The Lion Dance, a spectacle of color and strength, was the main event at the UAF Chinese New Year.

“The Lion Dance represents New Beginnings,” Rosalind Kan, Chinese teacher and adviser of the school’s Chinese association for over 20-years, said.

New beginnings, good fortune and family are all part of the premise of the Chinese New Year festival. Known also as the Lunar Festival or Spring Festival, the falls on the new moon of the new year, from Jan. 21-Feb. 20.

A celebration centuries old, the Chinese used the Lunar Festival to honor deities and ancestors. Traditionally, people would clean their homes the space to invite good fortune. Families gather the night before to help celebrate this occasion.
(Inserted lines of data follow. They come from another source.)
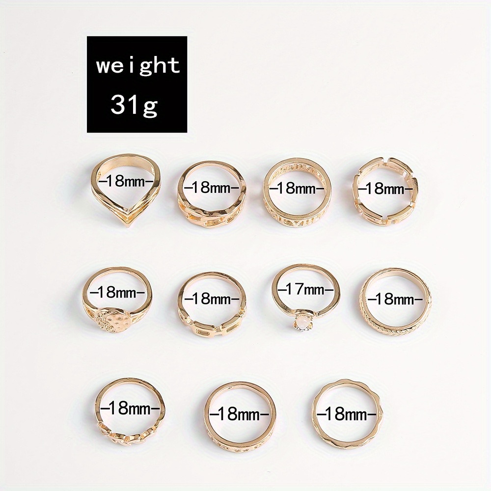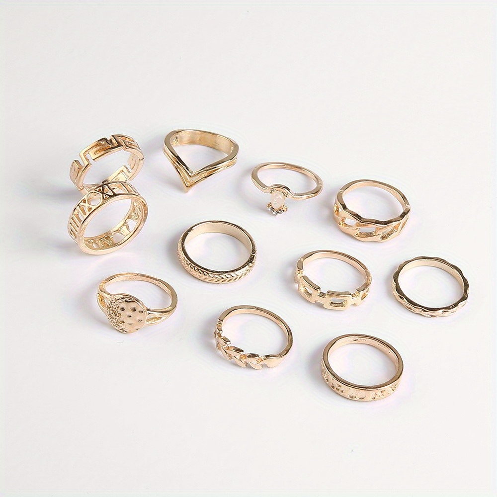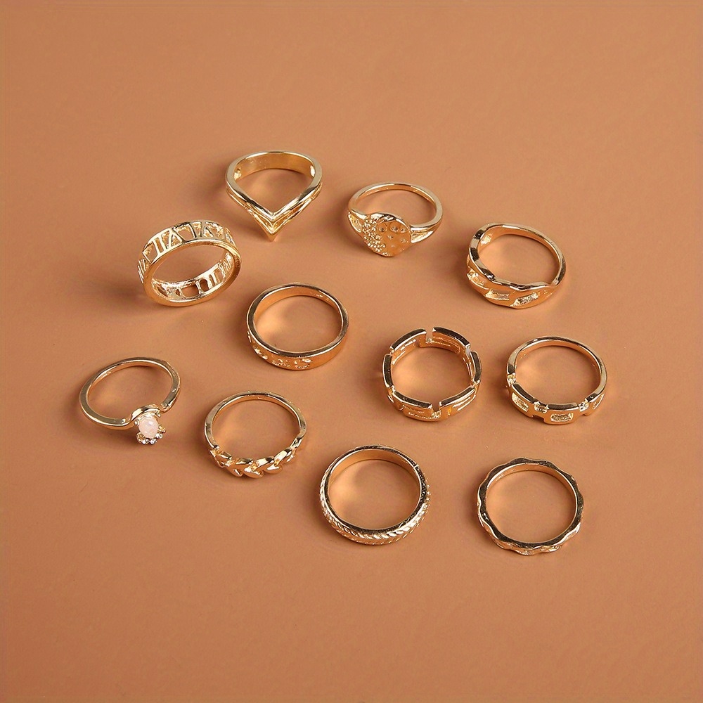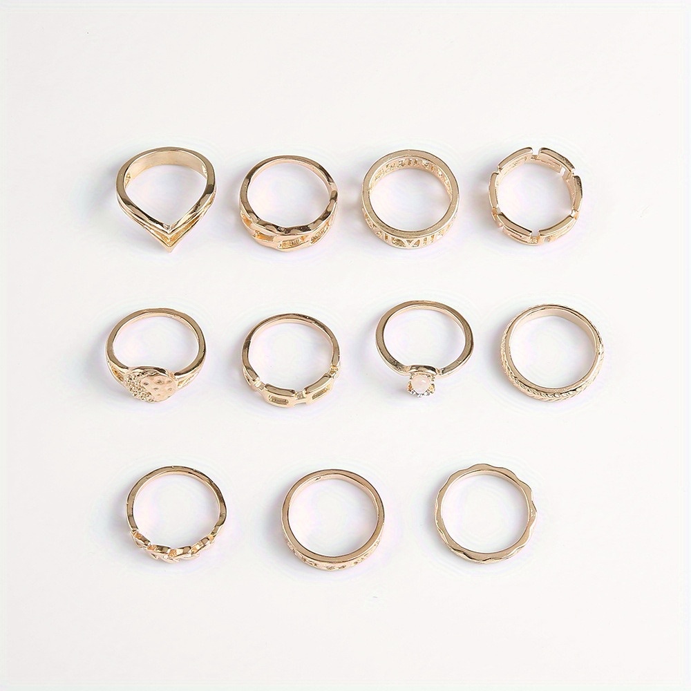 Gold ring 11-piece set, simple style, fashionable and creative retro geometric ring set
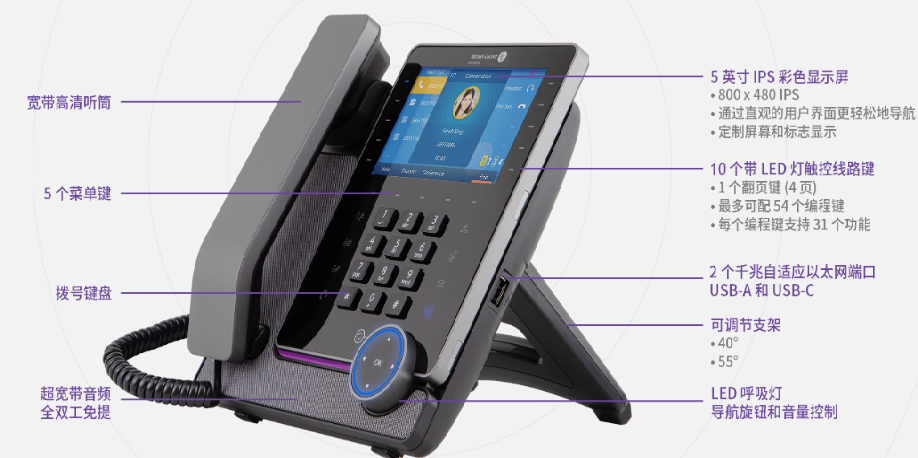 8、功能:呼叫保持、静音、免打扰、转移、等待、速拨、热线、12方会议、重拨、回拨、自动应答、支持VAD、EAC、HAC等;支持霍尔传感挂机,支持蓝牙5.0连接蓝牙耳机/手机、支持手动/自动录音本地U盘存储和上传、多达54个可编程键,支持EHS耳机;支持外接扩展台最大扩展600扩展按键;
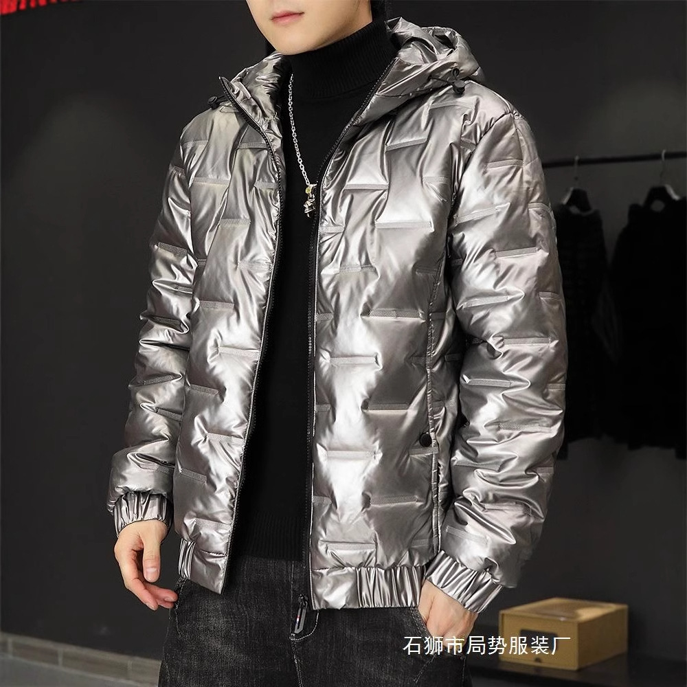 2024冬の紳士服の新型帽子付き綿服の流行カジュアルな明るい面の短い綿入れのダウンジャケットの男性服

Red couplets, which are decorative pieces of poetry, and red paper-cuts are used to decorate for good fortune, happiness, wealth and longevity.

The Chinese Association brought many traditions to this year’s event. Just 30 minutes into the evening, the Ballroom, covered in red, was crowded with close to 300 adults and children.
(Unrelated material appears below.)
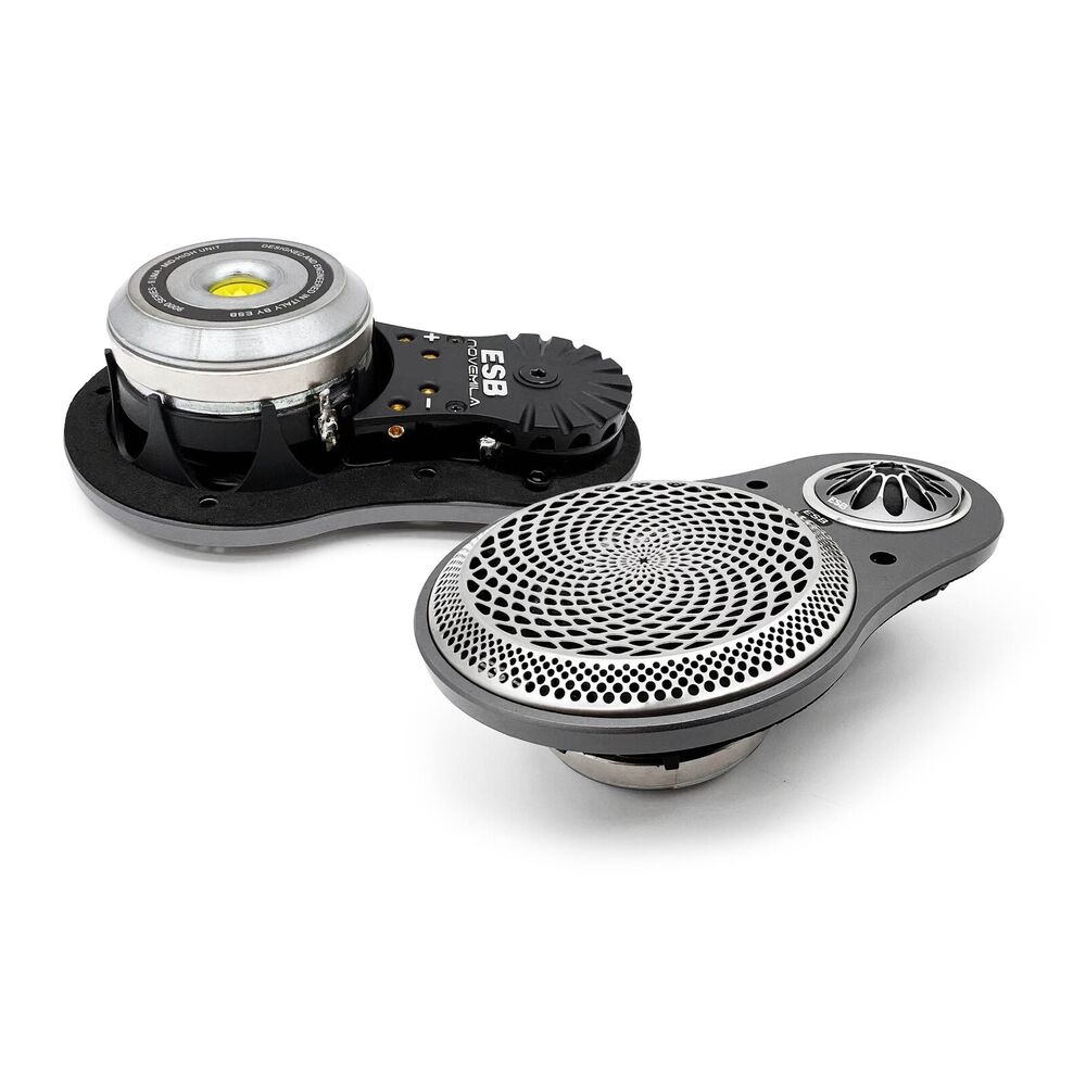 - CNC-machined billet aluminum flange allows the midrange and tweeter to be mounted using screws so the two speakers can be replaced if need be.

The aroma of over 30 different Chinese dishes set for dinner filled the room as people began lining up to feast. The moment people start to move, you should move too because the food always sells out, said Don Gray, a guest at the event.
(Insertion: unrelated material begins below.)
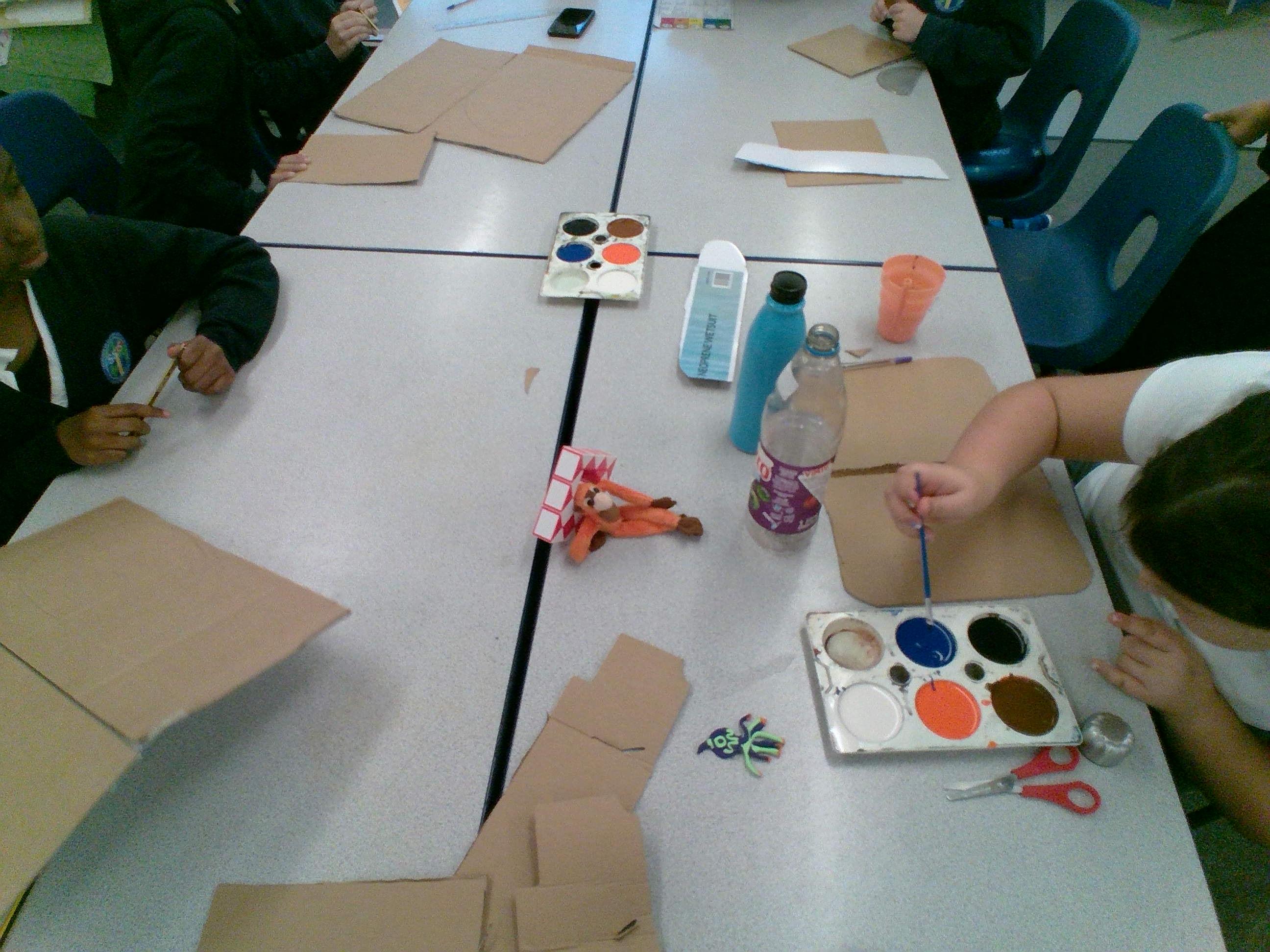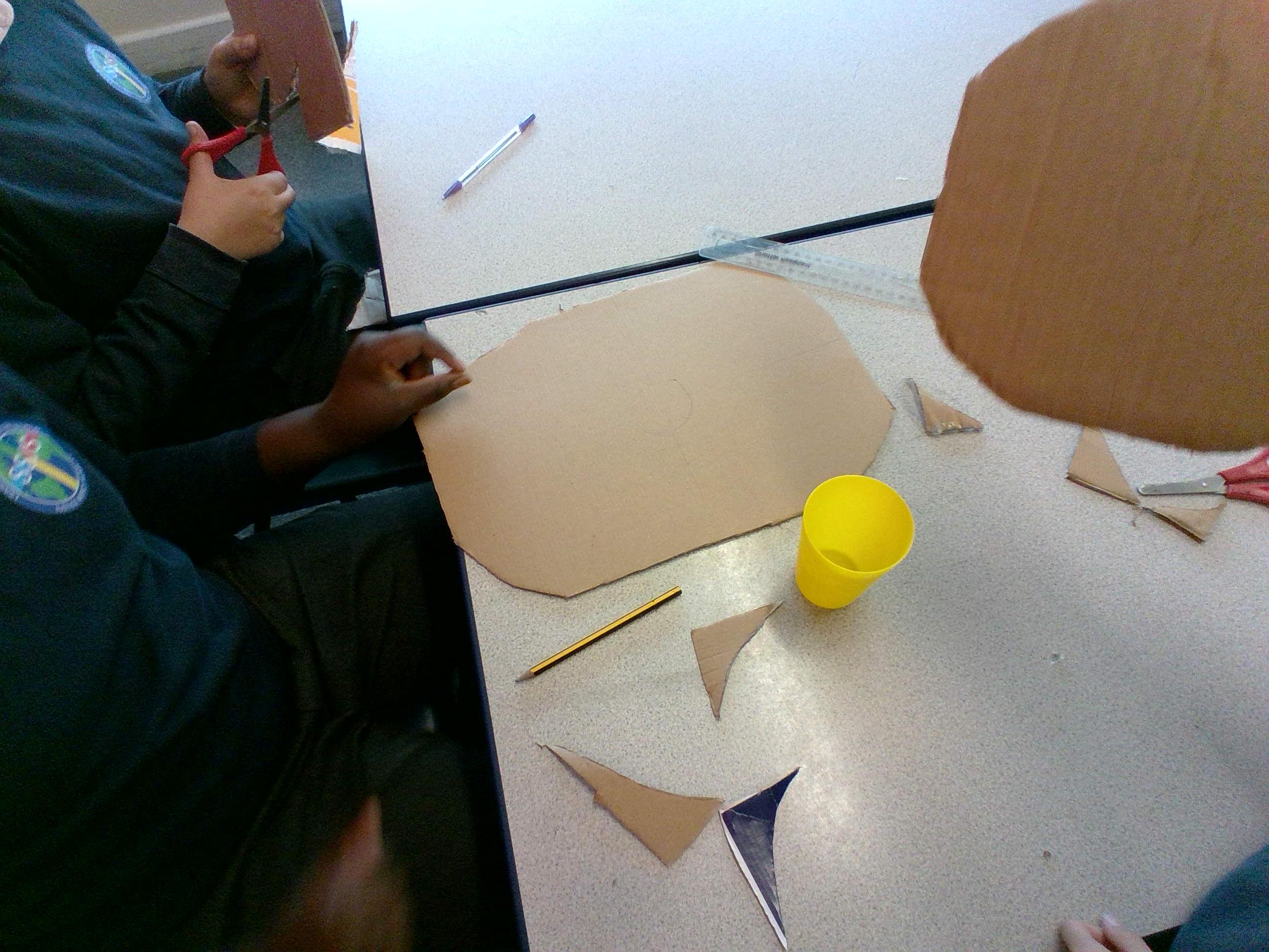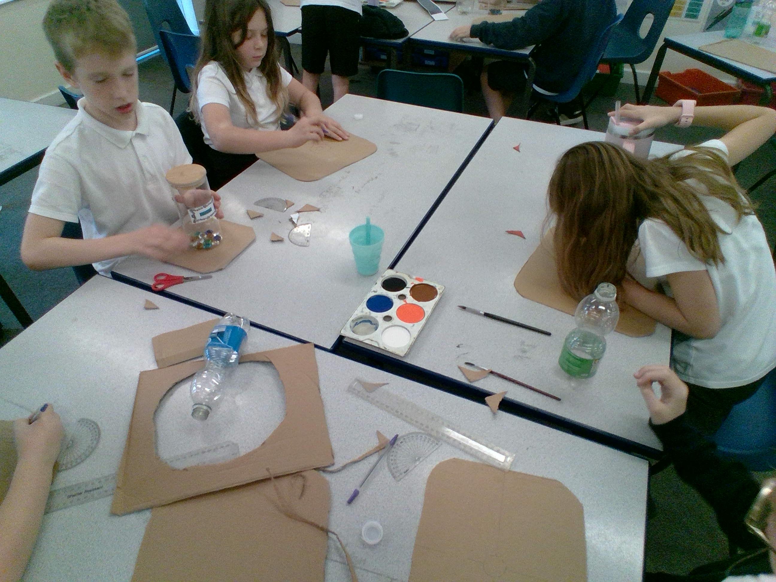 Then we created our own shields! Using recycled plastics and cardboard, we cut the cardboard into the correct shape, carefully drew the lines and the circle in the middle and then painted them in lots of different colours and patterns.

This combination of food, friends and family is exactly what the association and their volunteers look forward too.

“I like to introduce this very special festival to our international friends” Heming Liao, president of the Chinese Association,  said, as he welcomed people.

Wu Zhao, who has attended this event for the past 3 years, said this evening was special as it reminded him of home and their families in China. To Zhao it’s as if they are all one big family.

“It’s kind of like Christmas for Americans,” Kan Rosalind said. The celebration is a time for people to come together before the new year. She wants all the attendees to enjoy themselves and the contact with the Chinese culture.

Rosalind started the program by thanking the sponsors and welcoming many of the officials including the Fairbanks major.

The children opened the show. With a display of Chinese aerobics, silly dances and Chinese New Year greeting they captured the hearts of the crowed.

Drums sounded and a new event began. A giant head of different colors, chimes, and tassels started from the entrance. Two men danced the beast around the room, showing both elegance and strength as they maneuvered the Lion’s head and body in a way that brought the creature to life.

Shanshan Li, vice president of the Chinese Association, concluded the night with thanks and wished everyone a happy new year.